Thanks for reading, and thanks more for any help you can offer!


----------



## FrankC (Aug 24, 2012)

A new rip saw should be sharp enough to make the cuts you need, take your time and you will be fine. Saw sharpening is an art, I really doubt that if you have never done it before you could improve anything.

It might be easier if you clamped your board along a plank that is resting on your sawhorses.


----------



## amckenzie4 (Apr 29, 2010)

I can tell you what worked for me, although your experience might differ.

1) Use a bigger tooth rip saw than you expect. For 3/4" material, I use a saw that's something like 5 1/2 points per inch. Yeah, it leaves a rough surface. That's what the planes are for. If I want a fine surface and very little planing, I use a Japanese-style Ryoba saw. The one I have curves like crazy when I'm using the ripping teeth, though.

2) Build a sawbench. My rip cuts come out MUCH straighter when I'm cutting on a sawbench than any other way. There are a lot of good articles about building them if you search google for "sawbench", but the short version is that it's a low bench, roughly knee-height, with a birds-mouth cutout at one end. For ripping, set the board over the birdsmouth, and move it every time you've cut six inches or so.

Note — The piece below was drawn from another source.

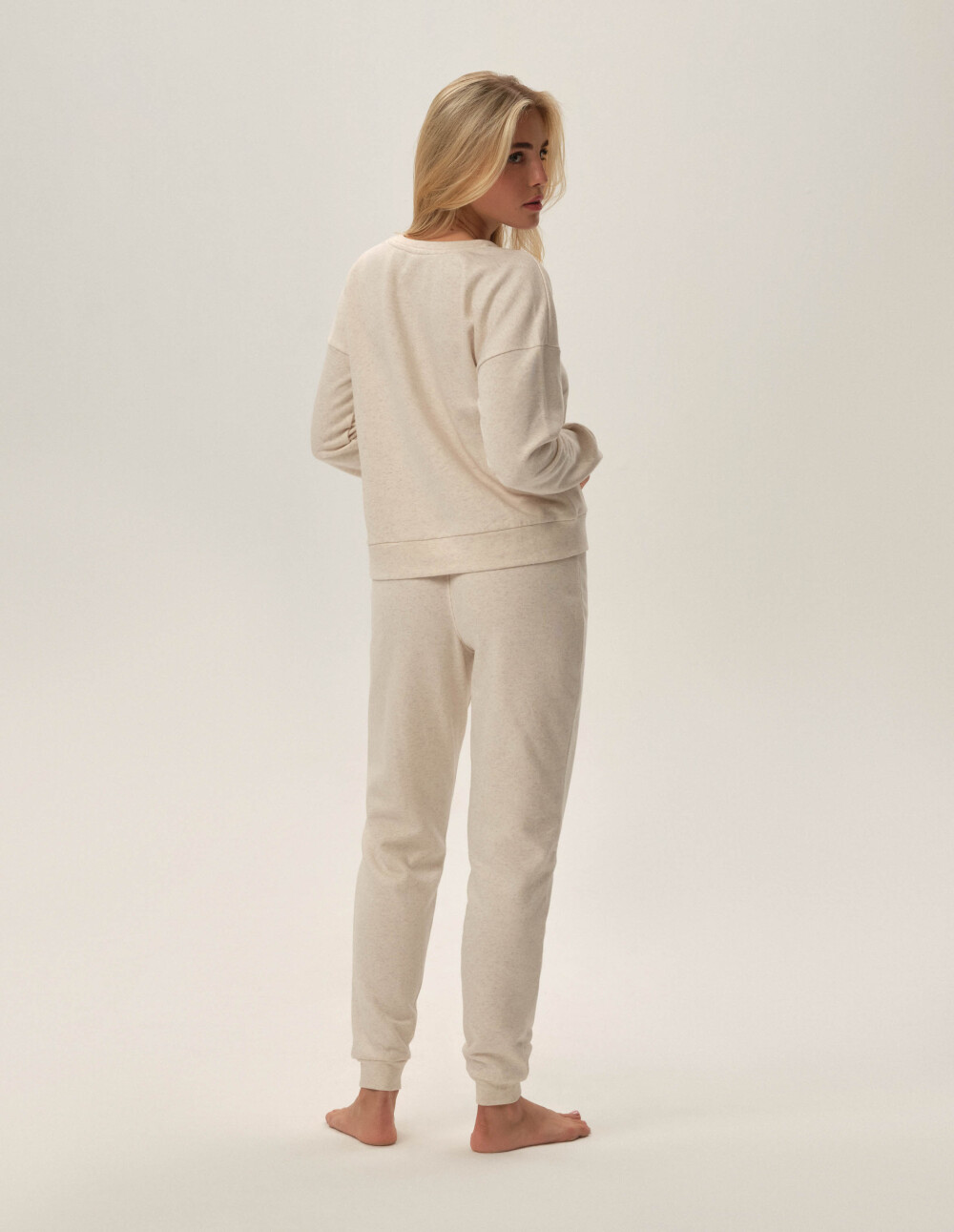 Доколку сакате да се чувствувате безгрижно во слободното време, одберете го комплетот салонки Fune. Мекиот материјал кој одговара на кожата ќе ве загрее во постудените денови и ќе ви обезбеди целосна слобода на движење. Овој разновиден дуксер со спортски крој е украсен со натпис кој ќе ве потсети на магијата во секојдневниот живот. Удобните панталони се финиширани со врвка и врвка на половината, што ги прави совршено прилагодени за секоја фигура.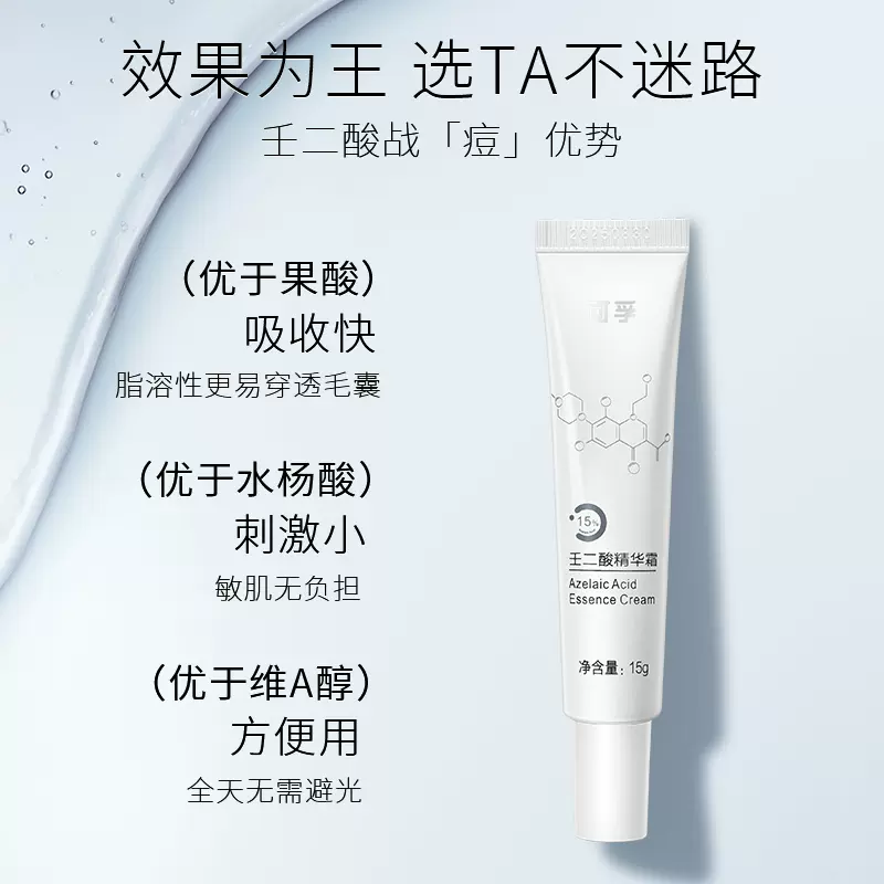 可孚 15%壬二酸精华霜,现天猫可孚医疗器械旗舰店 售价¥59.9,可领取¥40天猫优惠券,折后¥19.9包邮。点此搜索更多天猫/淘宝优惠券。 这款可孚 壬二酸精华霜,含15%壬二酸,更适合初生痘,吸收快,脂溶性更易穿透毛囊。刺激小,敏肌无负担。多重植萃成分,能够中合壬二酸的对皮肤的刺激护肤效果更佳。

3) Flip your work frequently. Mark both sides from a known-true edge, and every six inches or so flip your work over. Small inaccuracies will be fixed much faster that way.


As a final recommendation, try your cuts in something cheap first: 1x4 pine won't give you any impression as to the difficulty of the cut, but you'll be able to tell right away if the saw is going to tend to drift in one direction or the other.


----------